Her main thrust, in the blog and in the book, is that it’s easy and convenient for us to envision medieval times as being backward in every way because that makes modern times seem all that much more spectacular. But not only is this wrong, it’s dangerous. Just because life is definitely better for women now than it was then, that doesn’t mean our current place in society is optimal or somehow destined. It’s not.

Progress did not proceed in a straight arrow from bad times then to good times now. Maintaining that things were horrible then deludes us into thinking that they must be at their pinnacle now. Janega lays out this argument in the introduction and then spends the bulk of the text citing evidence to bolster it.

Blame the Greeks

The first chapter describes how medieval Europeans got their ideas about women, sex, beauty, and… well, generally everything from the Greeks. Greeks viewed men as the default humans; women were viewed spiritually as fallen men (Plato) and physically as inside-out men (Galen). Then Christianity and its doctrine of Original Sin came along, which did not exactly induce men to see women in a more favorable light.

“Augustine’s message was that even when a man disobeyed God, it was probably because a woman had convinced him to do so,” she notes. Men wrote down these ideas about women and then spent centuries teaching them to other men in universities and monasteries, where there were definitively No Girls Allowed.

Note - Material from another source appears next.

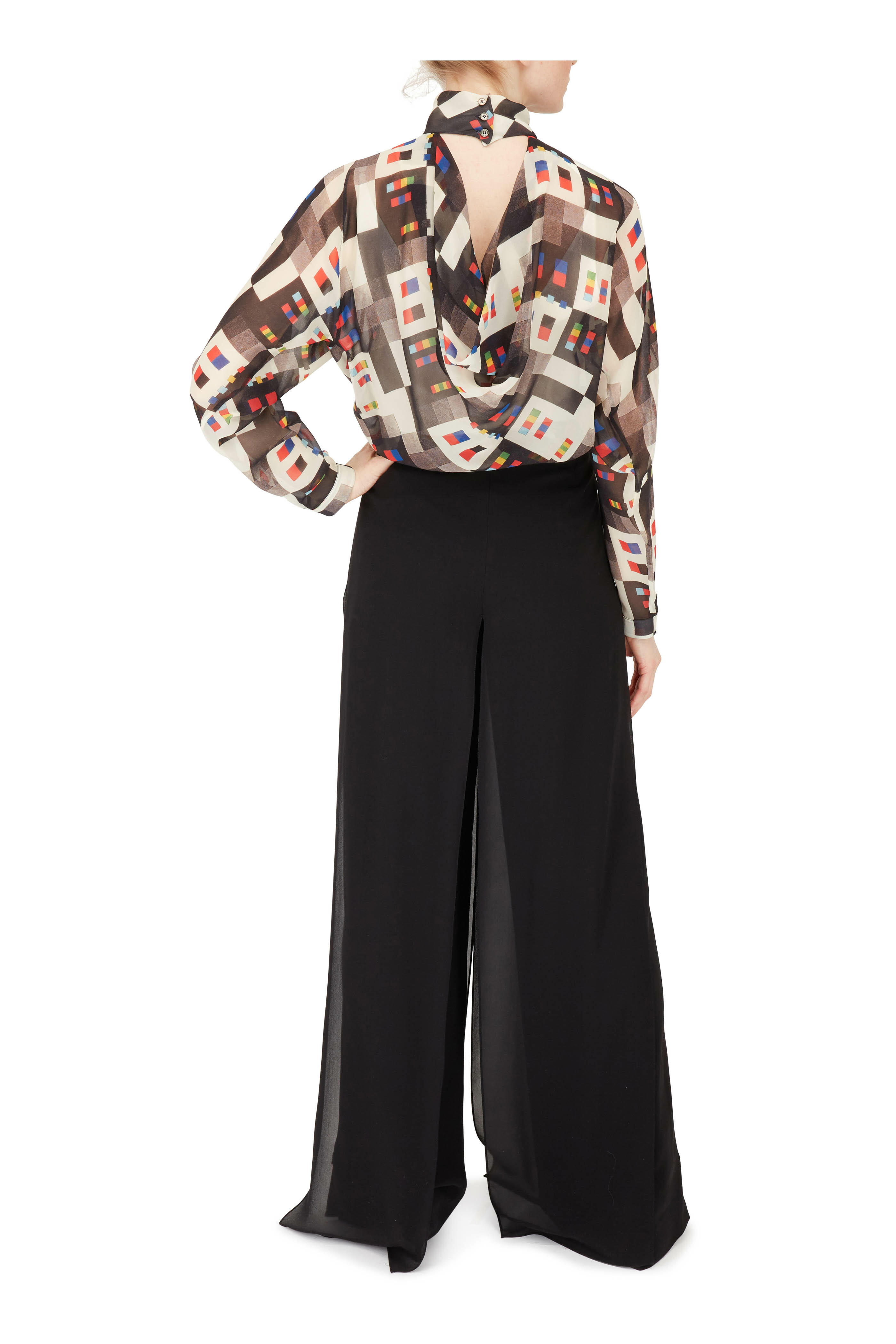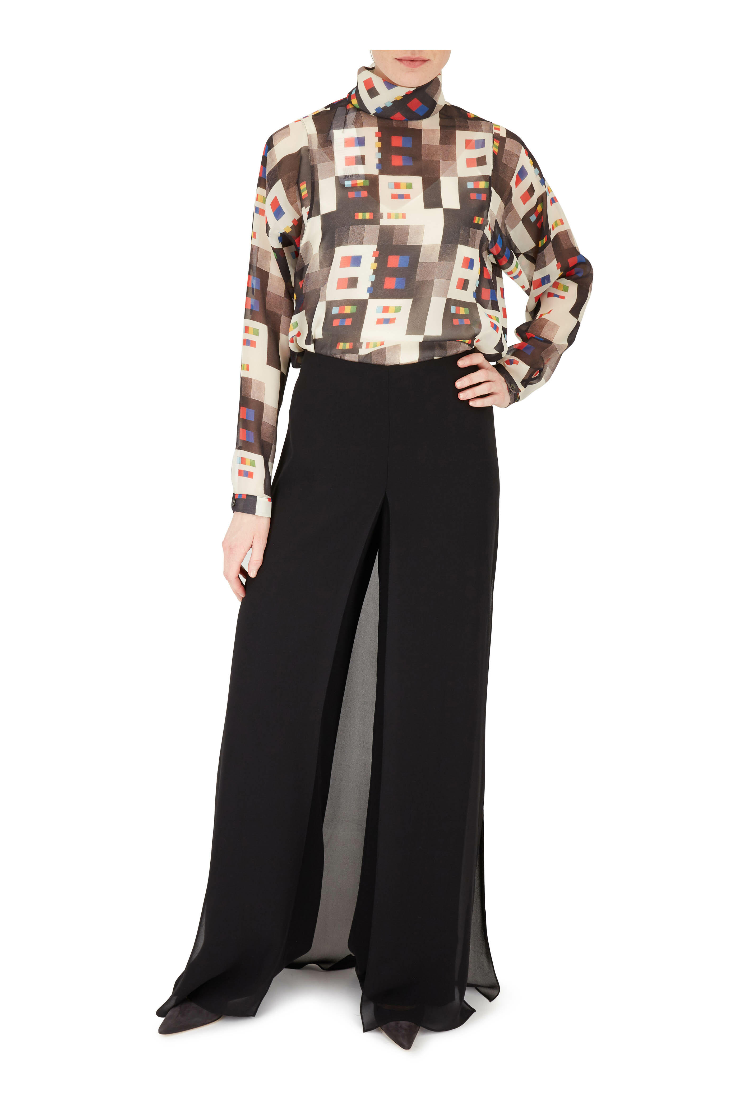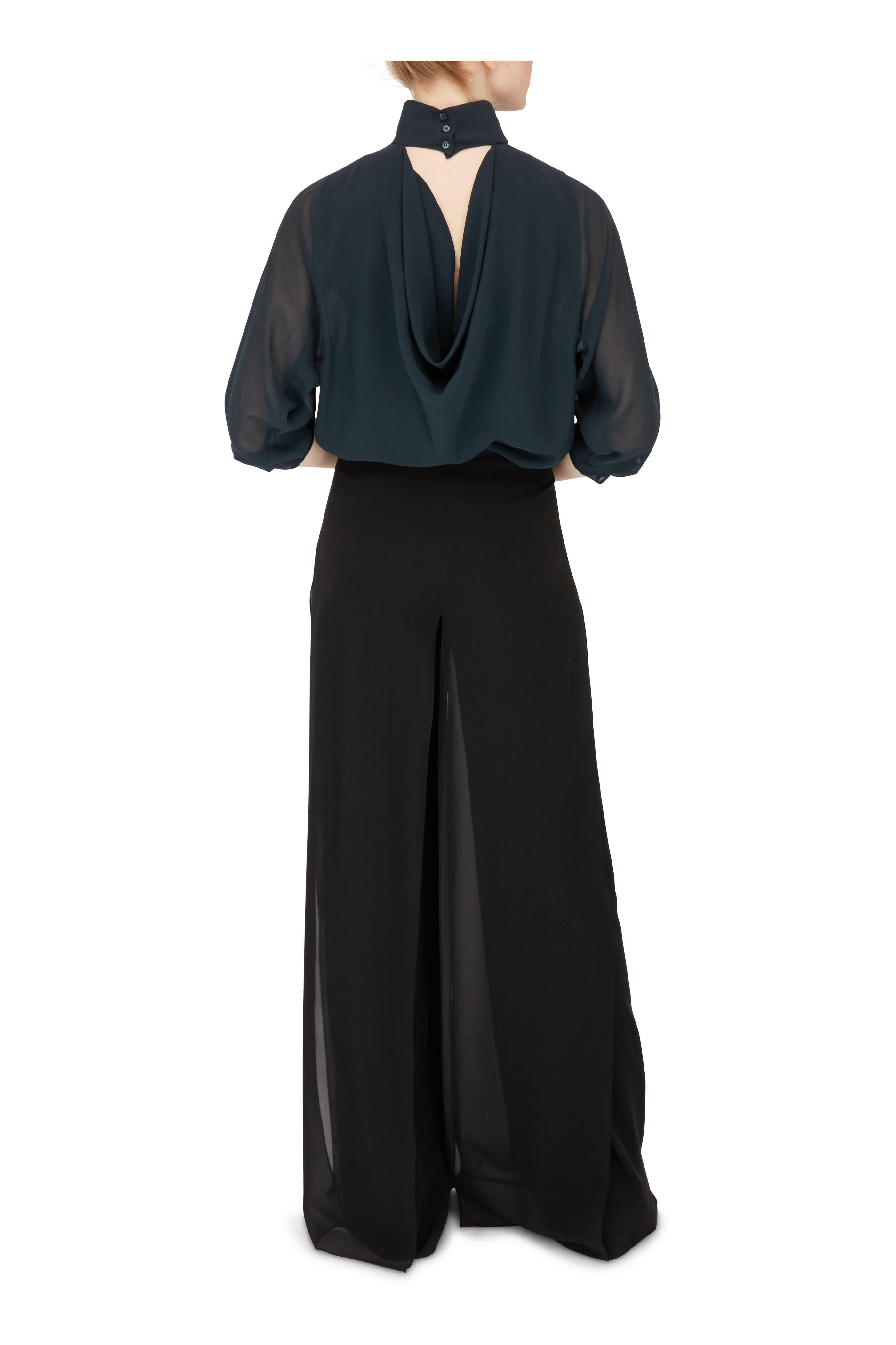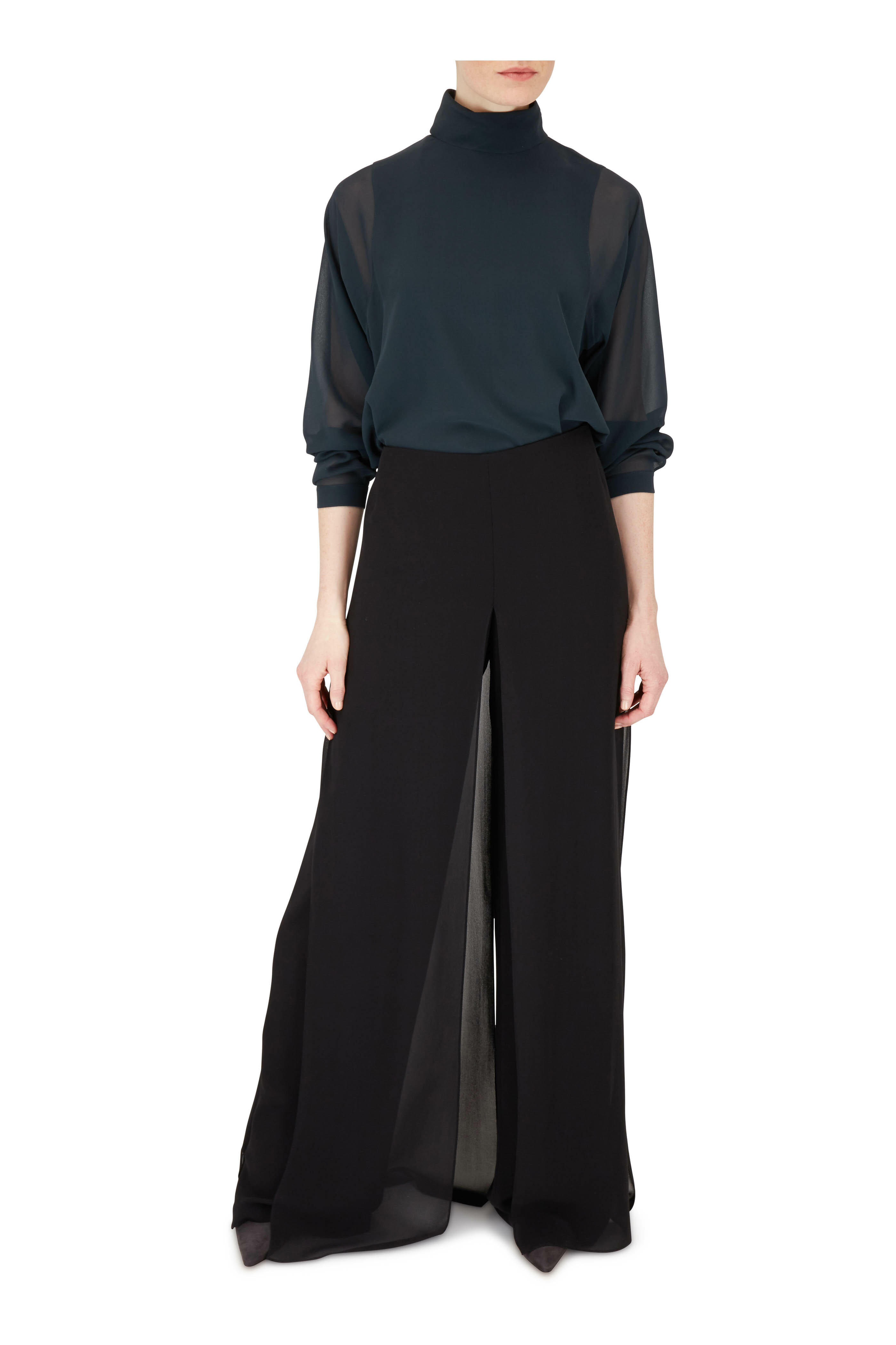 Carmen Black Silk Two-Layer Wide Leg Pant

(Nuns were permitted to read, study, and think, and the surviving records of women who did so, like Hildegard of Bingen [1098–1179] and Christine de Pizan [1364–c.1430], suggest that they did not view their own natures quite like men did. But educated women were rare, and surviving writings by or about them are rarer still.)

Then there’s a chapter on beauty standards for women, which mandated golden tresses, milky-white skin, and rosy cheeks. The adjectives were lifted directly from Dares Phrygius, a contemporary of Homer’s who purportedly witnessed the Trojan War, and they’ve remained unchanged until… basically now. Then, as now, women were supposed to naturally have this appearance; God forbid they put any time, money, or effort into it. (Quite literally—using make-up was considered among the gravest of sins).

Medieval men did like a potbelly on their women, though. This is the opposite of today’s preference for chiseled abs, but both features denote the same trait: wealth. Medieval women sporting potbellies clearly had enough to eat, and today’s flat-bellied women clearly have enough leisure time to work out.